* [ABOUT THIS TASK]
Write out the entries below exactly, but only from the line containing "Rainbow clouds and" through the line containing "Share your love", and without the pictures.

* [DATA IN THIS EXERCISE]

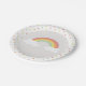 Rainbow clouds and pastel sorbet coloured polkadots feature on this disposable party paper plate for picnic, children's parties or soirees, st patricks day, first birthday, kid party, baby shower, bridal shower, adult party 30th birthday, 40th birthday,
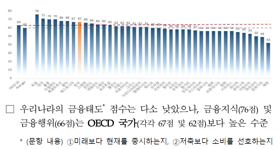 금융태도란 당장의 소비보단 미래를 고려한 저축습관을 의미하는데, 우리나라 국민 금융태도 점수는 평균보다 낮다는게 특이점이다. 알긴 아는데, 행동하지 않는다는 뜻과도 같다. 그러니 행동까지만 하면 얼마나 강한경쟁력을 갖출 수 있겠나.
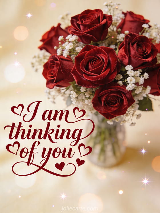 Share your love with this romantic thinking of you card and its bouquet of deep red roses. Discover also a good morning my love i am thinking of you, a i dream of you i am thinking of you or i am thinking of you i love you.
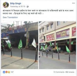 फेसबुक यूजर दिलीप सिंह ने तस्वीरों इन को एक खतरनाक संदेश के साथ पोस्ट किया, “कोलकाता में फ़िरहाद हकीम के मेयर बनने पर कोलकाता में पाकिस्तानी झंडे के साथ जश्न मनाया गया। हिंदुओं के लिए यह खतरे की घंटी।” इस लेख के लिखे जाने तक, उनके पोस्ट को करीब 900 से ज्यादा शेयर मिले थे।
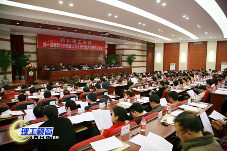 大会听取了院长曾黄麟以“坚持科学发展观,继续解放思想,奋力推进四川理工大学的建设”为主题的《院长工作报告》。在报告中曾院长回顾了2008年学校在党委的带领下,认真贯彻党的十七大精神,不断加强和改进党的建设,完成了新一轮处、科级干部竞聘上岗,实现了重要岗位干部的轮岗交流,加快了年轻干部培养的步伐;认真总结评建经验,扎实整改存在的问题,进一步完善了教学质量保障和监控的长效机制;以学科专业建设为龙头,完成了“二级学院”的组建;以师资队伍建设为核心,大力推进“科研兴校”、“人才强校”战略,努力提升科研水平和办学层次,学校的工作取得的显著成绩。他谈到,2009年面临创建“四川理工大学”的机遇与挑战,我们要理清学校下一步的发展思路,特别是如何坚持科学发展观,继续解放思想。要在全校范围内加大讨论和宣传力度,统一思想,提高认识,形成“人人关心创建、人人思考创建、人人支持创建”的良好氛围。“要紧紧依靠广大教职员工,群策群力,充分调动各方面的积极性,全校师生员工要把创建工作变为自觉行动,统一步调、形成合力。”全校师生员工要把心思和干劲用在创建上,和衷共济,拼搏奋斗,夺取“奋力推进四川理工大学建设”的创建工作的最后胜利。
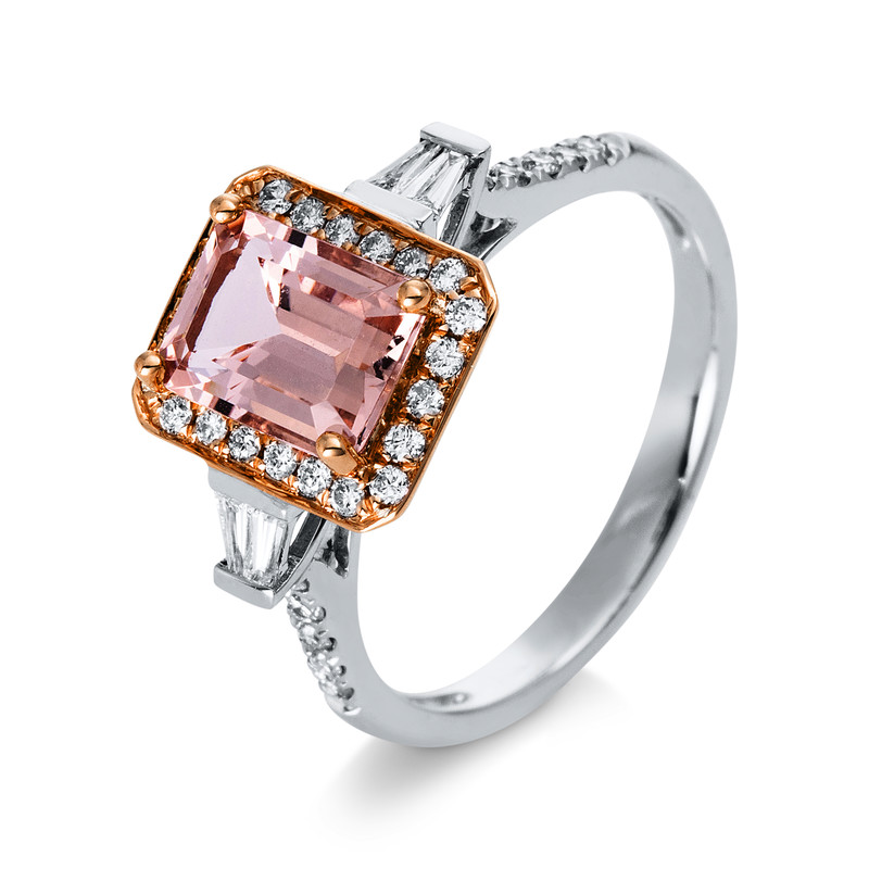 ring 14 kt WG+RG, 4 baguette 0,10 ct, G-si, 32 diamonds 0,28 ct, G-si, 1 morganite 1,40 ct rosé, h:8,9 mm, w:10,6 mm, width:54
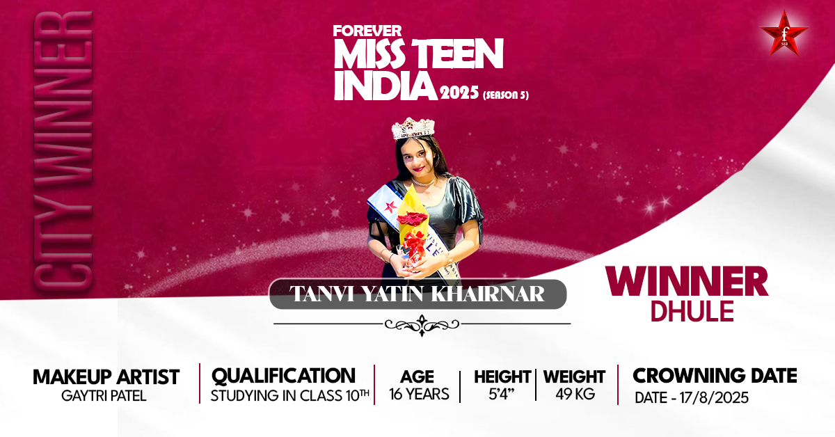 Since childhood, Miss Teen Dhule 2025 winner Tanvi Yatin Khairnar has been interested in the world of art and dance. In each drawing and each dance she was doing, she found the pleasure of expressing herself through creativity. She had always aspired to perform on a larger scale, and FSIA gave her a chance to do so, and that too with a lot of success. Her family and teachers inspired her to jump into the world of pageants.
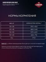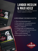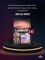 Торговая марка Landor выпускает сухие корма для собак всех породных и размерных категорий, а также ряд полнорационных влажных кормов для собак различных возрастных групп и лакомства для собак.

* * *

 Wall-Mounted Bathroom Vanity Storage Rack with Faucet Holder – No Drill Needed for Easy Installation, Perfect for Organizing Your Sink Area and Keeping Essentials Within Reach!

* [ANSWER SPACE]
 Rainbow clouds and pastel sorbet coloured polkadots feature on this disposable party paper plate for picnic, children's parties or soirees, st patricks day, first birthday, kid party, baby shower, bridal shower, adult party 30th birthday, 40th birthday,
 금융태도란 당장의 소비보단 미래를 고려한 저축습관을 의미하는데, 우리나라 국민 금융태도 점수는 평균보다 낮다는게 특이점이다. 알긴 아는데, 행동하지 않는다는 뜻과도 같다. 그러니 행동까지만 하면 얼마나 강한경쟁력을 갖출 수 있겠나.
 Share your love with this romantic thinking of you card and its bouquet of deep red roses. Discover also a good morning my love i am thinking of you, a i dream of you i am thinking of you or i am thinking of you i love you.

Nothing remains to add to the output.